Figure 10.8 Covalent modification of pyruvate kinase results in inactivation of the
enzyme. [Note: Only the hepatic isozyme is subject to covalent regulation.] OAA =
oxaloacetate; PEP = phosphoenolpyruvate; cAMP = cyclic AMP; PPi = pyrophosphate; P =
phosphate.

A. Glucagon
This peptide hormone from the a cells of pancreatic islets (see p. 313) stimulates
gluconeogenesis by three mechanisms.
1. Changes in allosteric effectors: Glucagon lowers the level of fructose 2,6-
bisphosphate, resulting in activation of fructose 1,6-bisphosphatase and inhibition of
PFK-1, thus favoring gluconeogenesis over glycolysis (see Figure 10.5). [Note: See
p. 99 for the role of fructose 2,6-bisphosphate in the regulation of glycolysis.]

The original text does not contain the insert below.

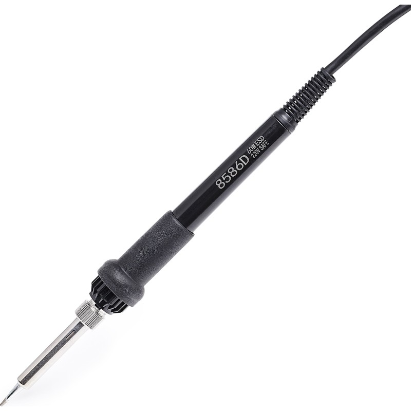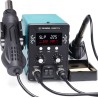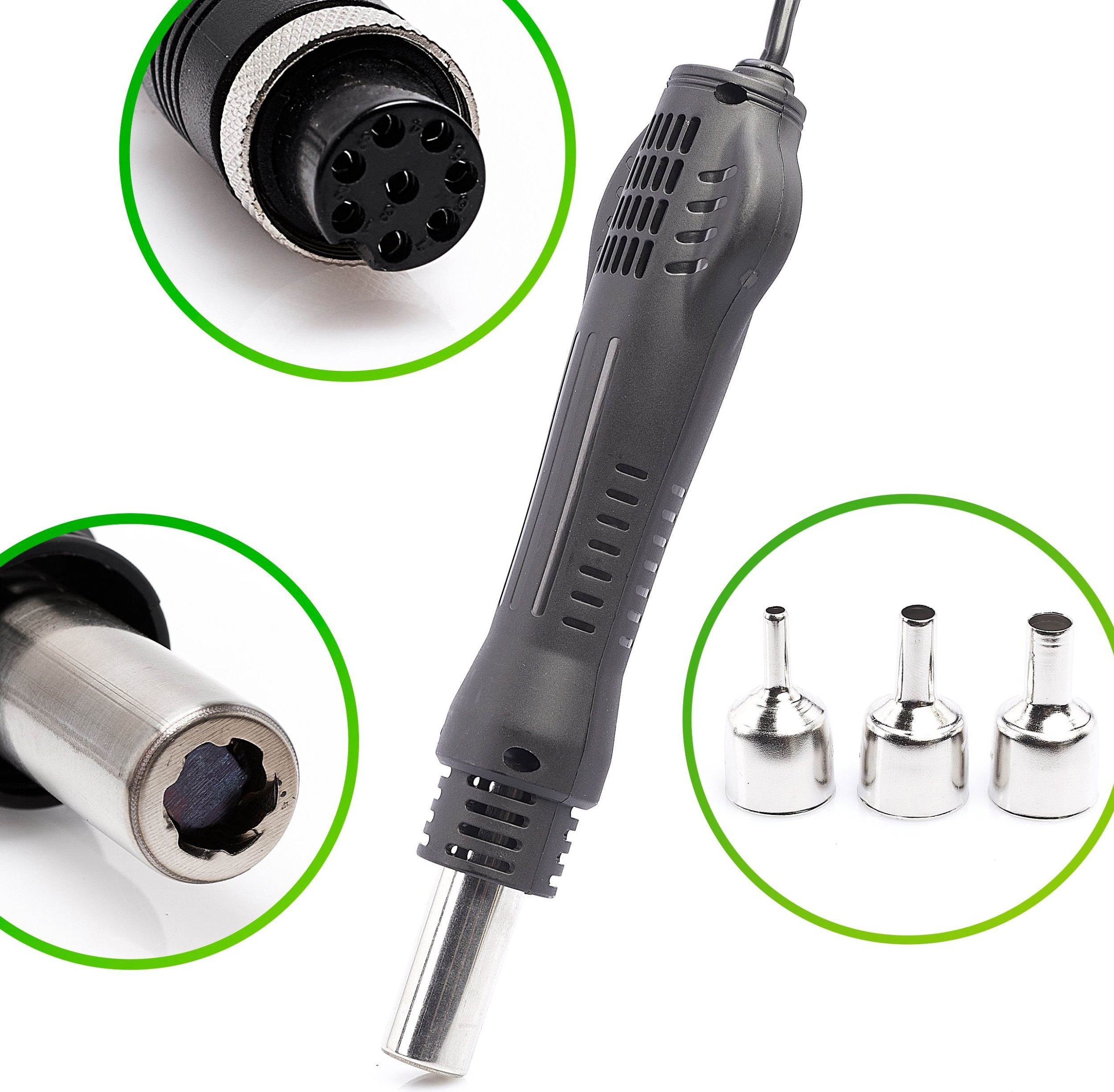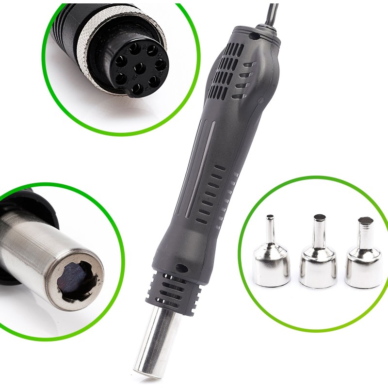 Beide Module der Station – Lötkolben und Heißluft – können unabhängig voneinander betrieben werden (die Station verfügt über ein Display, das die Temperatur nur eines Moduls anzeigt, aber man kann mit der SET-Taste frei zwischen ihnen umschalten). Die Station ist außerdem mit einem automatischen Abkühlsystem nach Beendigung des Betriebs ausgestattet. Dadurch erhöht sich die Lebensdauer des Heizelements. Dank der hohen Leistung von 60 W und der schnellen Aufheizgeschwindigkeit eignet sich der Lötkolben nicht nur für das herkömmliche Löten, sondern auch für das bleifreie Löten (Lead Free). Die Luft wird durch einen Lüfter geblasen, was einen langlebigen und zuverlässigen Betrieb mit stabiler Blasleistung sowie einen leisen Betrieb garantiert. Der Griff der Station ist klein und komfortabel in der Handhabung, und die Station ist mit über 30 Spitzenmodellen kompatibel.

2. Covalent modification of enzyme activity: Glucagon binds its G protein–coupled
receptor (see p. 95) and, via an elevation in cyclic AMP (cAMP) level and cAMP-
dependent protein kinase activity, stimulates the conversion of hepatic PK to its
inactive (phosphorylated) form. This decreases the conversion of PEP to pyruvate,
which has the effect of diverting PEP to the synthesis of glucose (Figure 10.8).
3. Induction of enzyme synthesis: Glucagon increases the transcription of the gene
for PEP-carboxykinase, thereby increasing the availability of this enzyme as levels of
its substrate rise during fasting. [Note: Glucocorticoids also increase expression of
the gene, whereas insulin decreases expression.]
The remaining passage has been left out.